Nowadays, electromagnetic tracking is considered to be a promising surgical navigation technology, though its applicability is highly limited due to the susceptibility to proximate metallic objects and electrical equipment. These outer impacts may cause distortion of the magnetic field, resulting in inaccurate measurements.
The main objective of my thesis was to investigate thoroughly the nature of measurement errors that characterize electromagnetic tracking systems (especially in the case of an NDI Aurora system).

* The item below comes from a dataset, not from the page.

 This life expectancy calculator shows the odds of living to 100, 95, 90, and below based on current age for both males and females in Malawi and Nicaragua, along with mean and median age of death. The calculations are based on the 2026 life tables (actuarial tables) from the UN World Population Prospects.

Based on the experiences, I developed a relatively flexible, cost–effective, fast and computationally efficient calibration protocol for assessment of magnetic field distortion.

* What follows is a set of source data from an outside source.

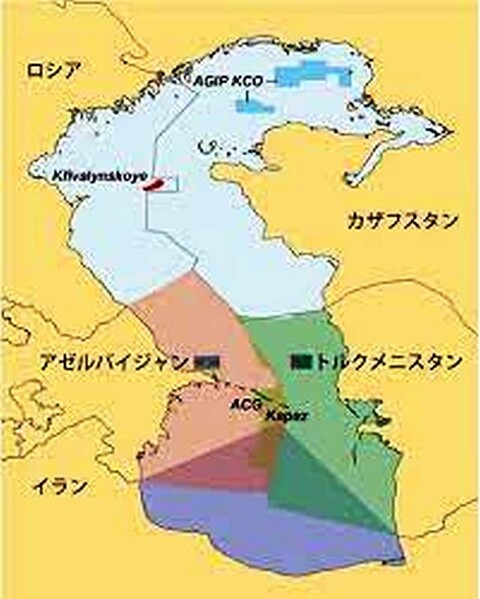 左は、カスピ海に於ける周辺国の資源開発の権益の分布図。cefe9a41-s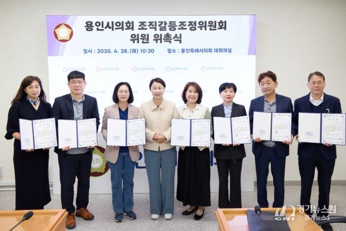 [경기뉴스원/경기뉴스1] | 용인특례시의회는 28일 대회의실에서 조직 내 갈등을 예방하고 합리적으로 조정하기 위한 조직갈등조정위원회 위원 위촉식을 개최했다.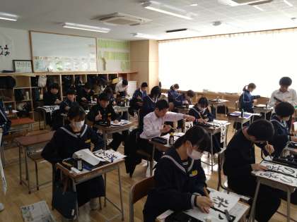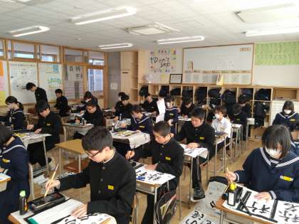 1月9日(火)2年 書き初め大会 公開日 2024/01/09 更新日 2024/01/09 2年生 2年生の書き初めの課題は「称名の滝」です。一字一字気持ちを込めて、筆を走らせています。 また、2年生ではそれぞれが掲げる今年の目標を筆で一字で表すという「今年の一字」を作成しました。生徒それぞれ思い思いの字を目標に掲げていました。

After studying some available solutions to error correction being presented in the literature, I designed a special, cubic–shaped calibration phantom, made of acrylic glass, which enables the user to accomplish fast and systematic data acquisition within a certain range of the entire working volume. Complying with the numeric constraints defined by the calibration tool, appropriate spatial transformations are determined between corresponding points of sampled data and that of the reference frame. Applying these transformations to the data set, error correction vectors are computed that imply differences in position as well as in orientation at each grid point. Subsequently, we can generate the Delaunay tetrahedralization of the grid, which can be used as a good basis for posterior interpolation. As an alternative, we can also perform linear regression or nonlinear curve fitting on the calibration data, which results in an analytical model of the stationary distortion field. The extracted model provides a basis for online error compensation, for subsequent use of the system.
Having a major advantage over other concepts, the whole setup procedure can be executed in 10–15 minutes, and requires no particular a priori knowledge about the instrumentation. The graphical user interface of the application offers a practical way to configure the system. The implemented software is capable of displaying tracking data and animating it in 3D, while informing the user about the reliability of sensor transformations actually being reported.
Finally, outcomes of validation tests are presented, and the conclusion is drawn that tracking accuracy can be improved by a factor of 1.5 in position and 1.2 in orientation.